Quanto aos resultados mostrados pelas pesquisas que tratam de prática pedagógica, 8 apontaram a presença de práticas tradicionais e arraigadas que precisam de mudança; 2 mostraram a ausência de teorização ou de práxis (5); 4 apontaram a existência ou a necessidade de se trabalhar com os saberes docentes e 11 de se melhorar a formação de professores. A influência do contexto (currículo, escola, sistema, políticas) foi uma conclusão de 4 trabalhos, sendo que 1 advogou pela importância de que esta se relacione com o projeto pedagógico da escola. Ausência de intencionalidade ou de referenciais teóricos, assim como a contribuição de determinados referenciais para a prática pedagógica estiveram presentes em 3 conclusões. As possibilidades de mudança na prática pedagógica foram constatadas por 3 pesquisas, assim como a presença de elementos reflexivos e criadores (2). Experiências inovadoras na prática pedagógica foram apresentadas em 9 artigos, além de 1 que mostrou ser seu significado multifacetado e, não monolítico ou homogêneo. Houve ausência de conclusão sistematizada em 1 trabalho.
Considerações finais
Compreendemos que a prática pedagógica é aquela que se movimenta reflexivamente frente à dialética que marca a relação teórico-prática no processo educativo buscando direcioná-la à uma dada intencionalidade. Portanto, ainda que educativa, a prática pedagógica ultrapassa tal condição ao caracterizar-se por este conjunto de elementos: intencionalidade, dialética, reflexividade, historicidade, totalidade, coletividade e organização. Dado que a intencionalidade é de um coletivo, entende-se que a prática pedagógica extrapola a sala de aula, situando-se no espaço que a sustenta, a escola, e expressando-se por meio da proposta pedagógica.
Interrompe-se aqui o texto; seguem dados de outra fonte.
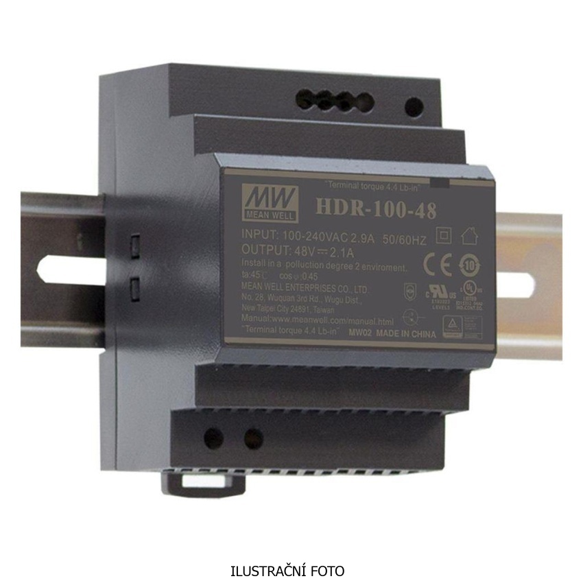HDR-100-12N ZDROJ NA DIN LIŠTU 12V DC 7,5A 90W
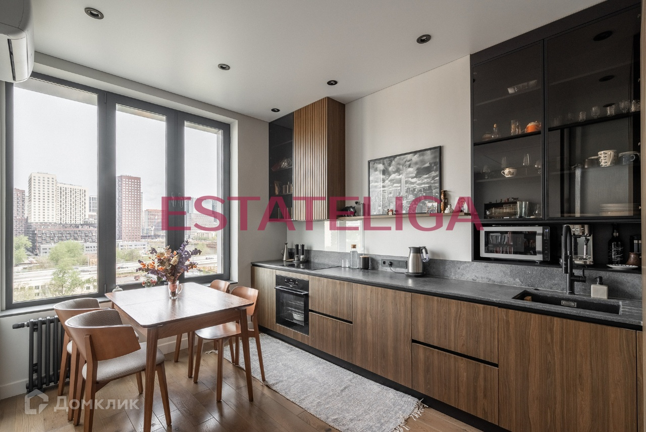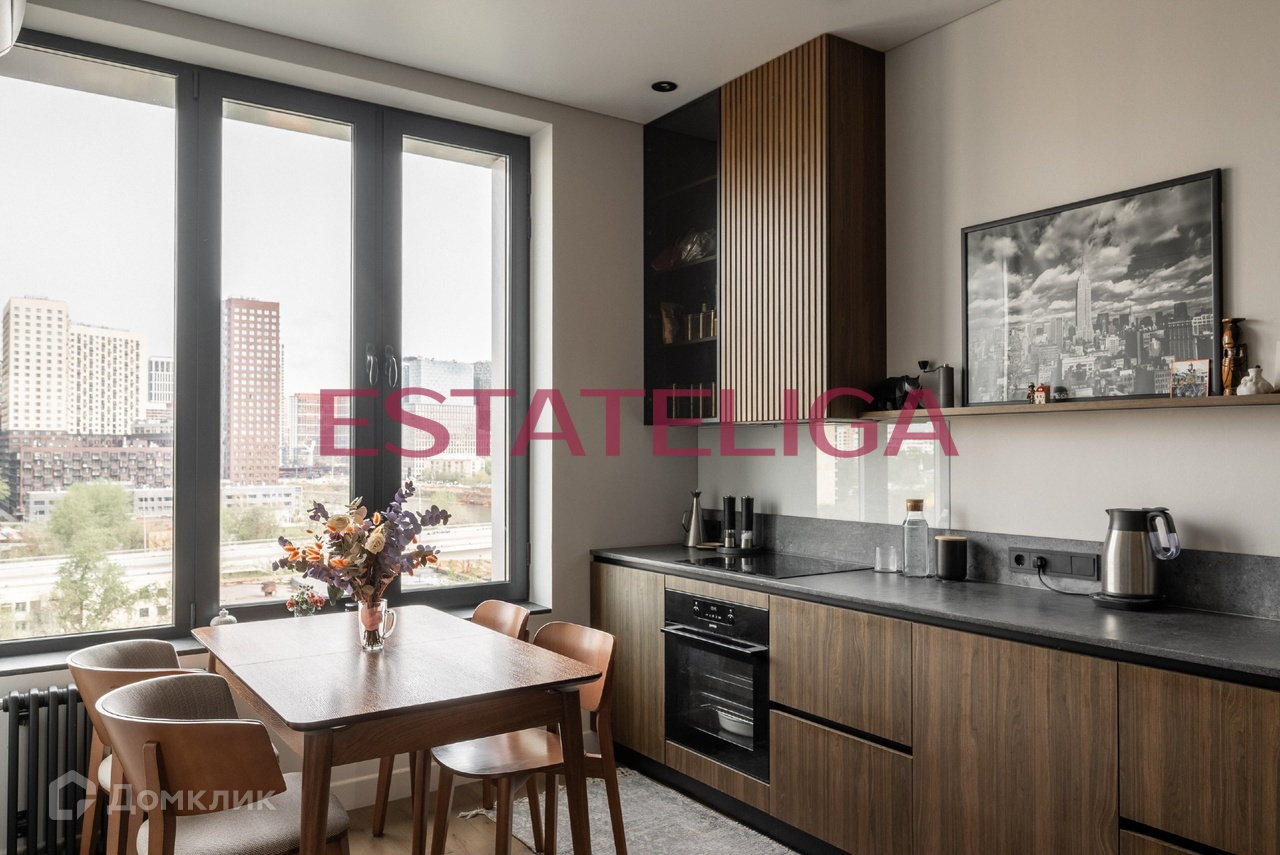 Планировка этой квартиры включает просторную кухню, с максимально продуманными зонами хранения и сценариями освещения! Вечером, во время ужина, можно наблюдать из окна невероятные закаты, отражающиеся в Москва-реке, и вечерние огни самого востребованного сейчас района Москвы - Большого сити!
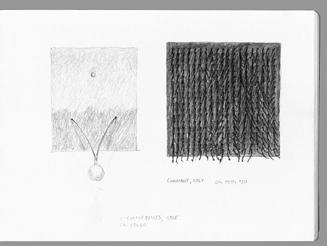 links: "C-Clamp-Blues", 1965, 83cm x 55cm, Metallkugel, Draht, Masonit
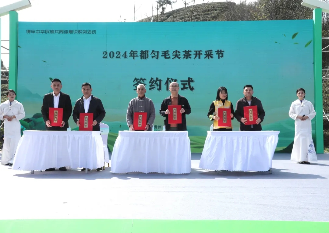 仪式上,有关领导还为国家级生态农场进行了授牌、颁发了都匀毛尖茶十佳销售企业奖和都匀毛尖直播达人奖。部分茶叶采购和茶青收购商与毛尖茶种植企业现场签订收购合同。
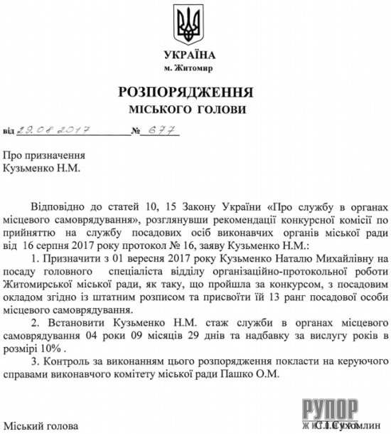 на посаду головного спеціаліста відділу організаційно-протокольної роботи Житомирської міської ради.

A pesquisa mostrou que a prática pedagógica é mais associada ao ensino com fraca presença dos elementos que, segundo Franco (2012), configurá-la-iam para além da prática de ensino. Foi significativo o número de trabalhos que tratou da questão sem nenhuma relação com os elementos pedagógicos.
A área é ainda pouco pesquisada, como também são poucos os periódicos utilizados para socializar pesquisas; foi fator de destaque a preocupação com o tema, o que pode estar associado ao fato de ser predominantemente estudada no ensino superior (cursos da área da saúde), sugerindo preocupação com o trabalho de tais professores que, em geral, não possuem formação pedagógica.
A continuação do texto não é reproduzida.